SLCentral - Your logical choice for computing and technology
Navigation
  • Home
  • Search
  • Forums
  • Hardware
  • Games
  • Tech News
  • Deals
  • Prices
  • A Guru's World
  • CPU/Memory Watch
  • Site Info
  • Latest News
    Corsair TX750W Power Supply Unit Review
    Businesses For Sale
    Shure E530PTH Earphones Review
    Guide to HDTVs
    Cheap Web Hosting
    >> Read More
    Latest Reviews
    Corsair TX750W Power Supply Unit - 03/04/2008
    Shure E530PTH Earphones - 24/09/2007
    Suunto T6 Wrist Top Computer - 19/01/2007
    Suunto X9i Wristwatch - 21/09/2006
    Shure E3g Earphones - 24/05/2006
    >> Read More
    SL Newsletter
    Recieve bi-weekly updates on news, new articles, and more


    The Fundamentals Of Cache
    October 17th, 2000
    How Cache Helps Performance

    Why is this advantageous to use an exclusive cache? Let us consider Intel's Celeron2 and AMD's Duron. The Celeron has 32k of L1 cache, equally split between data and instruction caches. It has a unified, on-die 128k L2 cache. So we add the two together, and we have 160k of on-die cache, right? Technically, yes. However, the information in the L1 is duplicated in the L2, because it is an inclusive design. This means that it has 32k of L1, and 96k of effective L2 (because 32k of the information stored in the L2 is the same as the L1), for a total of 128k of useful cache. Contrast that with the Duron, which has 128k of L1 cache, equally split between data and instruction caches. It has a unified, on-die L2 cache that is 64k in size. What!?! Only 64kb? If the Duron were designed inclusively, this defeats the purpose of the L2 cache. In fact, it would defeat the purpose of adding an L2 cache if AMD designed it with a L2 cache size that was equal to, or less than, the size of the L1. It works this way in all exclusive designs (including the never-released Joshua version of the Cyrix III). So AMD made the design exclusive (as they did with the Thunderbird). The Duron has 128kb of L1, plus 64kb of L2, and because neither one contains the same information, one can just add the two together for the effective on-die cache, which amounts to 192kb. The Duron's is obviously larger.

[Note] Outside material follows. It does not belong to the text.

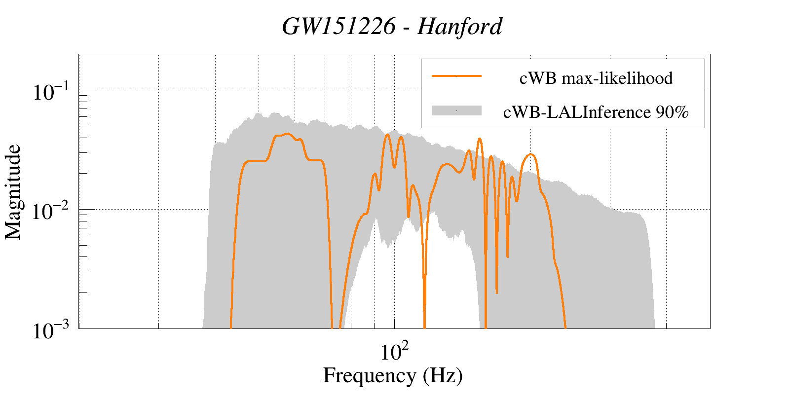 (cWB max-likelihood) vs (90% Confidence Interval: cWB Reconstructed LALInference Waveforms)

    So, let us consider this again using some diagrams (not to scale of course):


    Inclusive L2


    Exclusive L2 - L1 relationship

    What must be discussed (this exclusive diagram is a change from the first version of it) is the nature of the exclusivity of the cache: in AMD's Duron, the relationship is only a L1/L2 relationship. What this means is that, it is solely exclusive between the L1 and L2, and that the information in the L1 is duplicated in the main memory (and, potentially, though not always or often, in the hard drive), yet not in the L2 cache.

    Moving from the Celeron2 and Duron as examples, let's now look at their more-powerful siblings, the AMD Thunderbird Athlon and the Intel Pentium3 Coppermine. The Thunderbird has an on-die, exclusive 256kb L2 cache, and the Coppermine P3 features an on-die, inclusive 256kb L2 cache. Caches take up enormous numbers of transistors. The P3 went from about 9.5 million transistors to about 28 million just from adding 256k of L2 cache. The Athlon had about 22 million, and adding 256k of L2 cache made the Thunderbird weigh in at a hefty 37 million. These represent rather large fractions of the transistors used in two top-of-the-line x86 processors, which are there solely to feed these processors' hungry execution units.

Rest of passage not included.